Turns out Deb's father is from the same area I have family from so we were chatting about that too. Hav topics pretty much ruled though, for some reason. LOL

Two of my teens got to meet the family before they resumed their trip and DD Lina told me I MUST let Ricky's coat grow long like Samson's. Thing is, Ricky's hair isn't quite as silky as Sam's and SHE's not the one doing the grooming! So....... we shall see. 

Enjoy the pics....... You can almost make out Ricky's tail in that last group shot. He wasn't going to hang around waiting for me to take a picture!


----------



## marjrc (Jan 13, 2007)

*More photos...... *

The first two aren't good quality, but they make me laugh because every time I'd crouch down to try and take some pictures, Samson would come right up to me and stand on his back legs, with his front ones on my knees trying to get a look too! lol

See how Delilah's coat is crimped like that? They are both so very silky and soft. I truly did want to keep them here with me, but didn't quite manage it.


----------



## maryam187 (Jul 18, 2007)

Marj, thanks for the pics, sounds/looks like everyone had lots of fun. I really like the pics of you, so joyful! Looking forward to seeing more from Deb!


----------



## Lina (Apr 26, 2007)

Marj, you are so lucky to be able to meet those two beautiful havs... not to mention Debbie!

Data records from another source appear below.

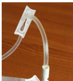
Fermer également celui le long du tuyau

Ne pas hésiter à forcer pour mettre les clamps car cela peut-être un peu dur !!
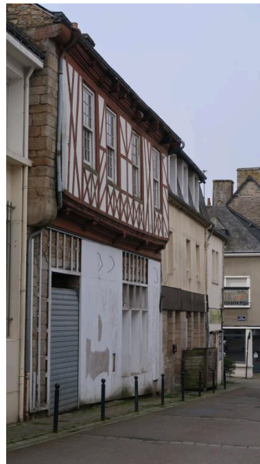
Façade du 12 rue Beaumanoir avec rdc en travaux (2019) IVR53_20195606107NUCA
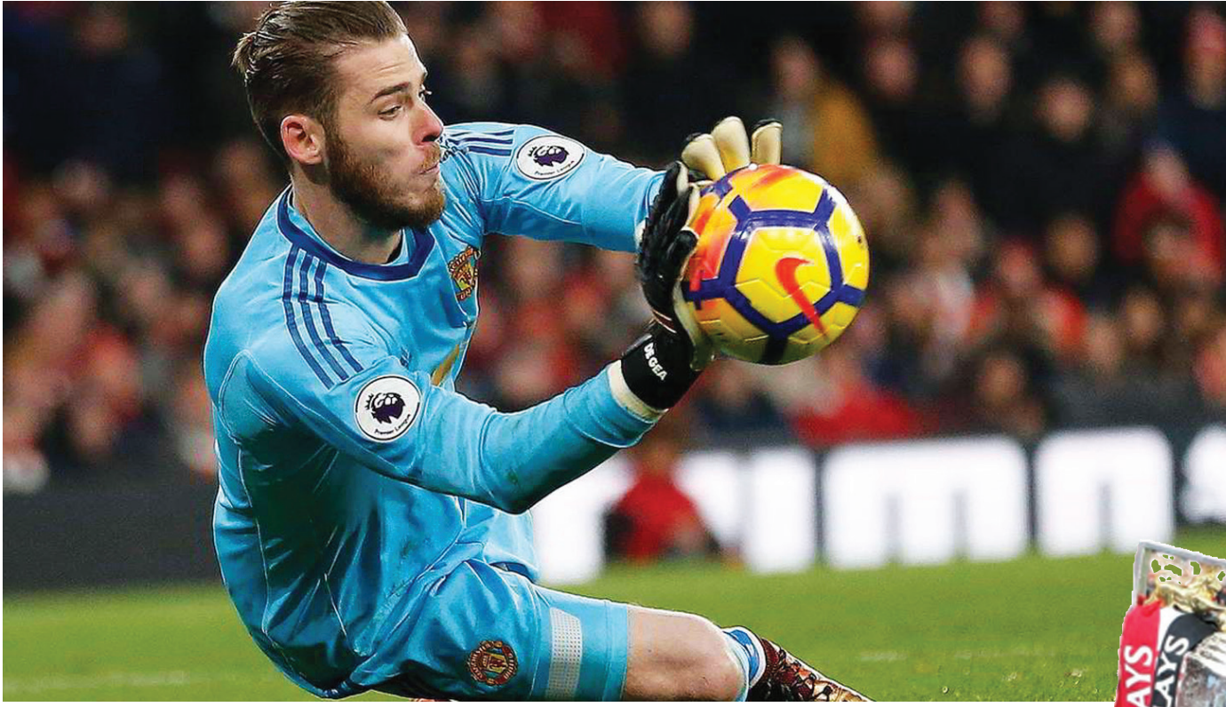
ديفيد دي خيا قد يعتزل إذا لم يتلق عرضاً من ناد كبير
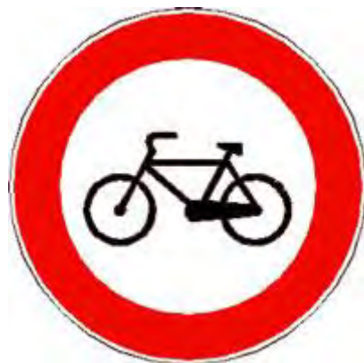
Transito vietato alle biciclette
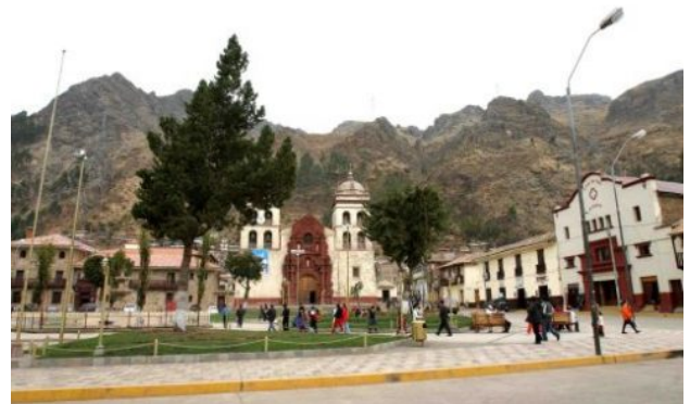
Plaza de Armas de Huancavelica

El departamento de Huancavelica celebró el 28 de abril su 179° aniversario de Restitución Política del departamento de Huancavelica con diversas actividades. Los actos continuarán esta semana y aprovechando el feriado conozca los hermosos atractivos turísticos de la región.
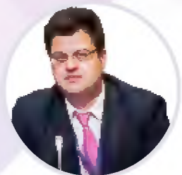
Никита Кузнецов Директор Департамента развития внутренней торговли Минпромторга России
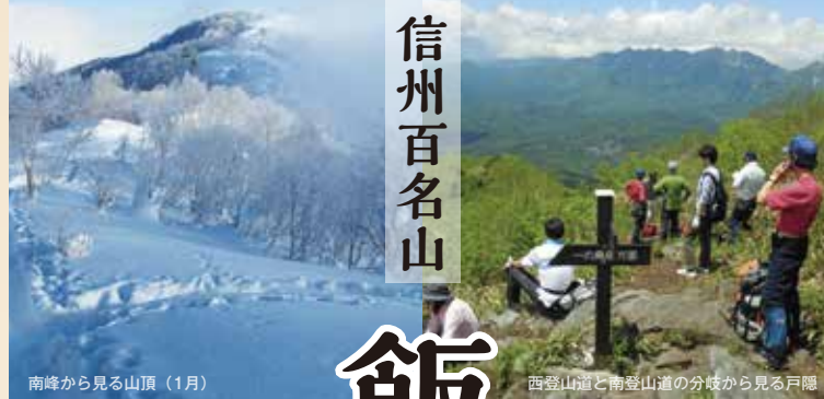
南峰から見る山頂 (1月)

飯縄高原を美しくする会 事務局 長野市商工観光部観光振興課 〒380-8512 長野市大字鶴賀緑町1613番地 TEL : 026-224-8316 FAX : 026-224-5043 e-mail : kankou@city.nagano.lg.jp (一社) 飯縄高原観光協会 〒380-0888 長野市上ヶ屋2471-84 TEL : 026-239-3185 FAX : 026-239-2934 e-mail : iizuna-k@ngn.janis.or.jp http://www.iizuna-navi.com (公財) ながの観光コンベンションビューロー 〒380-0835 長野市新田町1485-1 長野市もんぜんぶら座4階 TEL : 026-223-6050 FAX : 026-223-5520 e-mail : oмотenashi@nagano-cvb.or.jp http://www.nagano-cvb.or.jp

Although I'm sure they are also lucky to have met you! 

Thanks for sharing the pics, can't wait to see more!


----------



## LuvCicero (Mar 31, 2008)

Marj, 
I can tell you really enjoyed that visit. Delilah and Samson are beautiful havs. I would love to see 4 running around in my house! Thanks for sharing the pictures.


----------



## ama0722 (Nov 28, 2006)

What a great time and beautiful dogs! Marj- did you get a group shot?


----------



## lcy_pt (Aug 17, 2007)

Oh Marj! How wonderful! The smile on your face says it all! Looking forward to Deb's pictures as well.

Note to Deb.....no pressure, but drive home fast *but* safely....we're waiting for more great pics


----------



## Leeann (Feb 28, 2007)

Marj you look and sound like you were in heaven you lucky girl you.


----------



## irnfit (Nov 21, 2006)

Oh, I wish I could've been there too. Such gorgeous dogs and I would get to meet Marj and Deb.


----------



## Laurief (Nov 7, 2006)

Great pictures guys!! So nice to see forum members getting together! Wow are those two beautiful Deb!!


----------



## marjrc (Jan 13, 2007)

Amanda, Deb's hubby got some of her and I sitting on the couch with all 4 Havs. I'm sure there must be one or two that turned out. 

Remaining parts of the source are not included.